In ten days I’ll be 81, not a prime number thanks to nine. This
means if you placed nine candles in a row and then another nine perpendicular to
those and made a square and filled it in and then lit them all you would have
81 before the house burned down.
I prefer to think that I’m thirty-one years into my fifties.
At a certain point in life we do not get any older except in our eyes, ears,
skin and bones. I’m sure all my friends would agree. I’m so fortunate to have
friends older than me. It has kept me young, at least in my delusional state.
Bette Davis who famously declared that old age is not for
sissies, proved it by dying at eight-one. Boris Karloff also checked out at
this age. He had a career scaring the hell out of people long enough. He was
first cast as Frankenstein nosing out Bela Lugosi for the part when the
producer started laughing at Lugosi’s make-up. Karloff was fitted with eleven
pound shoes to give him the monster walk. No wonder he didn’t make it to
eight-two. Lugosi had to settle for Dracula. Between Boris and Bela I probably
lost a few years.
It serves no purpose to compare one’s life with another’s
but one can’t help themselves imagine what Schubert or Mozart would have
accomplished having been allotted this life span. Suffice it to say that I have
lived the years of John Lennon plus Geoge Gershwin with two years left over.
I’m told I’ve been living all this time on the cusp of
Pisces and Aries. No wonder my back is giving out balancing the fish and the
ram, half in water half finding my feet. It’s been an amphibious life. I wouldn’t
have it any other way.
At one time Peggy was twelve years older than I but over the
years she continues to lose a year every birthday.
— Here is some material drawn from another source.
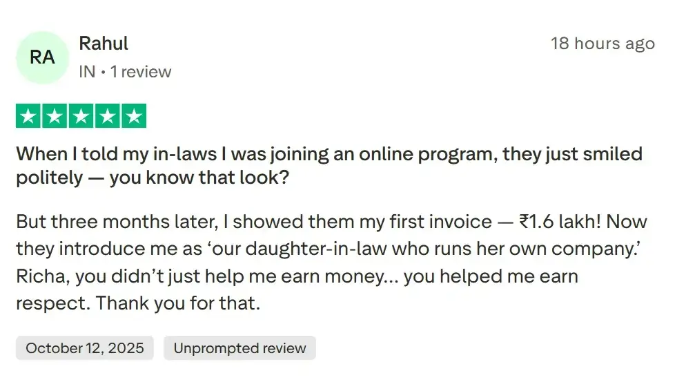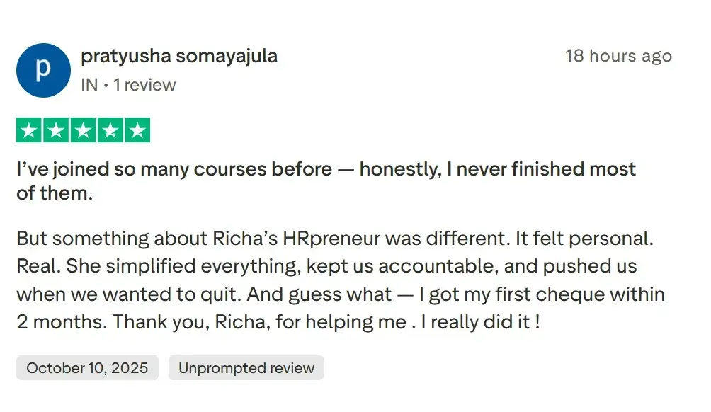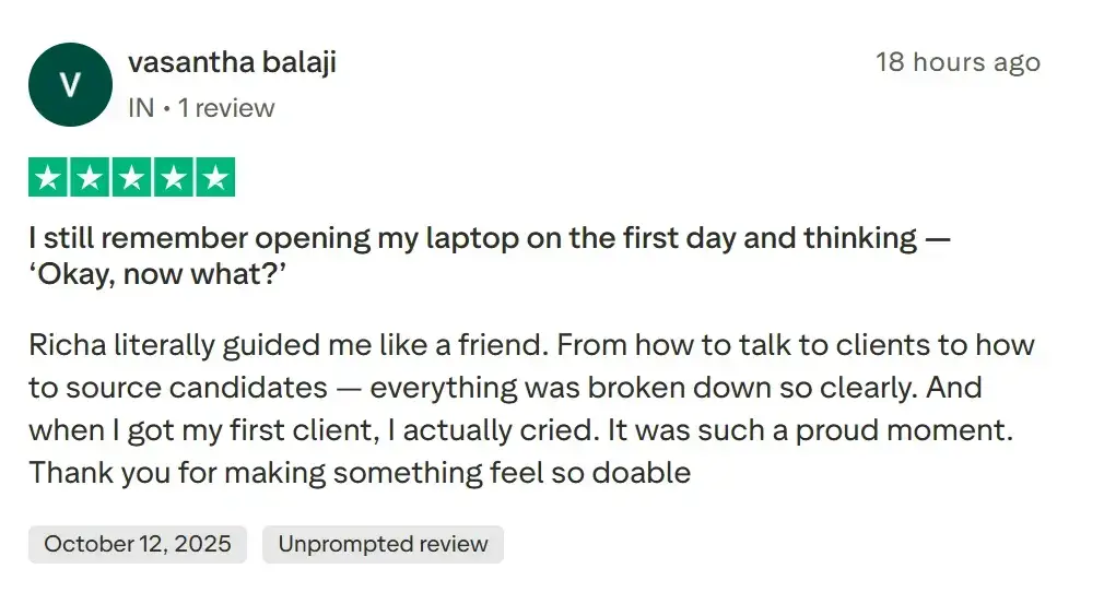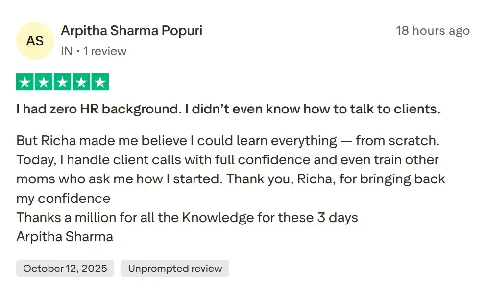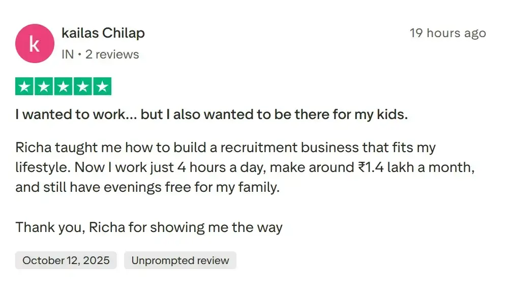 Richa Gandhi’s proven HRpreneur Launchpad Masterclass has already helped hundreds of women start their own home-Based Recruitment business.

Four days after March 21 we
will celebrate our first thirty years together, our brief encounter. In 1984 I made the leap to a safe unknown, from
nothing to everything. I heard her reciting the Emancipation Proclamation on
the back forty. Actually if I were in bondage it was of my own making. But Peggy reminded me of my vestigial wings.
Every day is the anniversary of yesterday. Traveling together this far is reason enough for
celebration. Another thirty years would make
medical history. I don’t wish to be greedy. I’ll take one decade at a time.